Дорога умерла. Осталась лишь едва приметная колея, ныряющая то вправо, то влево, огибая очередной холмик.
Наконец‑то я различил огоньки, прыгающие за невидимыми прутьями кустов. На первом этаже горит свет. Я выбрался к дому, приткнул «козленка» на крошечной полянке перед крыльцом и заглушил мотор.
Посидел, слушая музыку. Надо было выключать, но я никак не мог оторваться от мелодии — такой совершенной, так чудно переливающейся из одной сладости в другую…
Или побаиваешься того, что придется сделать?
Может быть.
Но и мелодию дослушать хотелось…
Потом развернулся к соседнему креслу, подтянул к себе большой бумажный пакет с продуктами, обнял его правой рукой и очень осторожно вместил в объятия левой. Рука тут же отозвалась тупой болью. Осторожнее надо будет…
Поворачиваясь всем корпусом, чтобы левая рука работала с плечом как неподвижное целое, осторожно выбрался из машины, захлопнул дверцу и взошел на крыльцо.
В левой руке разгоралась боль, но держать пакет надо ей. Правая мне еще понадобится.
Я встал под массивной металлической дверью, резко выбивавшейся из облика всего домика — такого старенького и заброшенного с виду, — и позвонил.
Ждать пришлось минуты две.
Сначала в окне сбоку, за горизонтальными полосками жалюзи, в светлых линиях мелькнула тень. Через несколько секунд громко щелкнул замок. Я потянул на себя тяжелую металлическую дверь и вошел.
— А, Владик…
На миг я увидел его улыбку, но она тут же спряталась жестких складках его лица.
Старик… У него всего один клок седых волос на левом виске, а остальные черные, как смоль. На самом деле ему пятьдесят один, а в силе рукопожатия он даст фору любому из нас. Да и не только в телесной силе — он куда опытнее любого из нас. Старик давил этих чертовых сук, когда я еще с горшка под стол бегал.
Давил их умело и много. До тех пор, пока не потерял обе ноги и левую руку.
— Вот, к чаю попить привез… — начал я.
Голубые глаза старика буравили меня, и я знал, что он прекрасно читает все мои мысли.
— Ага, к чаю… Знаем мы ваш чай. Нет чтоб хоть раз в год просто так старика навестить. Куда там!
Он раздраженно хлопнул правой рукой и протезом левой по колесам кресла, от души дернул ободы. Развернул кресло и покатил по коридору обратно. Пробурчал, не оглядываясь:
— Ты так совсем мою девочку ухайдакаешь, Крамер… Который уже раз за месяц?
Я ничего не ответил. Просто прикрыл дверь и пошел следом.

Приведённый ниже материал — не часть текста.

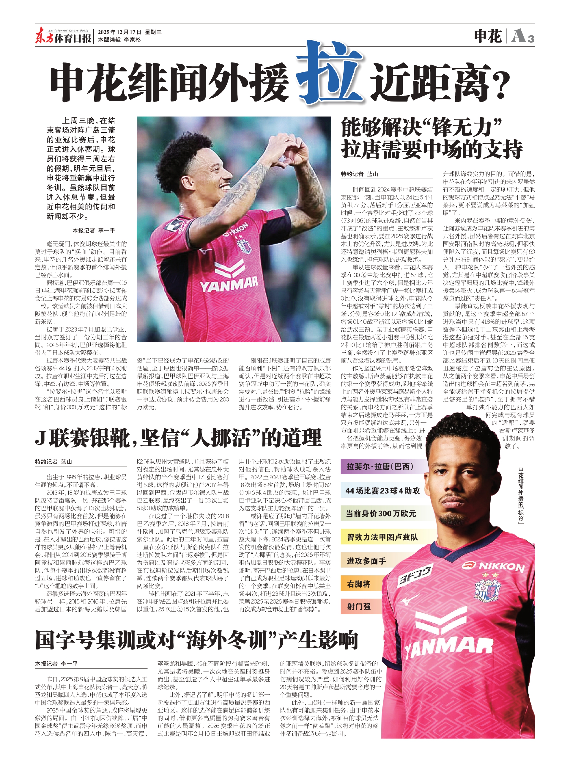 刚刚在J联赛证明了自己的拉唐能否顺利“下树”,还有待双方俱乐部确认,但是对连续两个赛季在中超联赛争冠战中功亏一篑的申花队,确实需要对总是在最后时刻“拉胯”的锋线进行一番改造,引进高水平外援前锋提升进攻效率,势在必行。
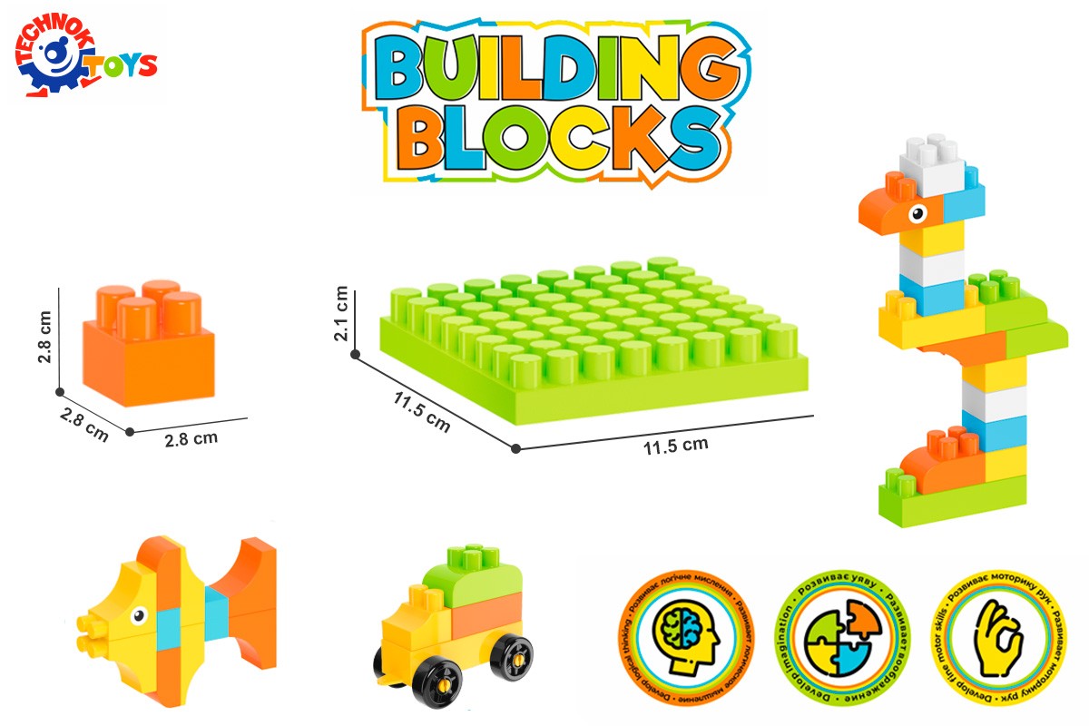 The construction set with different building blocks develops fine motor skills and helps to train coordination of movements. Also, parents, playing with children, teach them new words: names of colors, shapes, animals, buildings and transport. Assembling a whole structure, children develop imagination and spatial thinking. Exciting games with the construction set educate attention, patience and perseverance. Playing together, children develop social and communication skills. They have to cooperate, discuss further steps and agree to solve the tasks.

Нам сегодня предстоит серьезный разговор, но не сейчас. Старик может брюзжать, может злиться, но он человек дела. И поэтому…
— Продукты пока разгрузи, — скомандовал Старик и повернул влево.
Туда, где когда‑то была другая квартира, пока Старик не объединил весь первый этаж в одну. Он покатил в дальний конец дома, а я прошел на кухню и стал разгружать пакеты.
Потом пошел в гостиную, но не удержался, заглянул в кабинет. Как всегда, здесь пахло книгами, а на столе — огромном, как бильярдный, письменном столе в четверть комнаты — кавардак из исписанных листов бумаги, раскрытых книг вверх и вниз разворотами, чтобы не перелистывались и не захлопывались, томов побольше и огроменных томищ.
Поверх всего — одна из их книг. Издали разворот, если не всматриваться, похож на обрывки жирной паучьей сети. Ближе к краю стола разложен еще какой‑то старинный фолиант…
Здесь вообще много книг. И современных — самых разных, от медицинских словарей до лингвистических пособий, и старых. Три стены в книжных полках, и все забиты книгами. Самые старые собраны в углу слева от окна — там, где их никогда не настигнет прямой солнечный свет.
Здесь у Старика есть все, о чем только может мечтать библиофил‑старьевщик, и даже больше. Особенно много трактатов по черной магии, в основном пражских изданий. Впрочем, не уверен, что от этих пыльных старинных фолиантов есть какая‑то польза.
Но имеются и стоящие вещи. На средних полках, куда старику удобнее всего дотягиваться, сидя на кресле‑каталке. Здесь настоящие черные псалтыри. Всего на двух полках. Не так много, как мне хотелось бы. Каждый черный псалтырь, вставший на эти полки, это теплое напоминание о том, что еще одна из этих чертовых сук — из действительно опасных чертовых сук! — больше никогда не будет приносить жертвы под винторогой мордой.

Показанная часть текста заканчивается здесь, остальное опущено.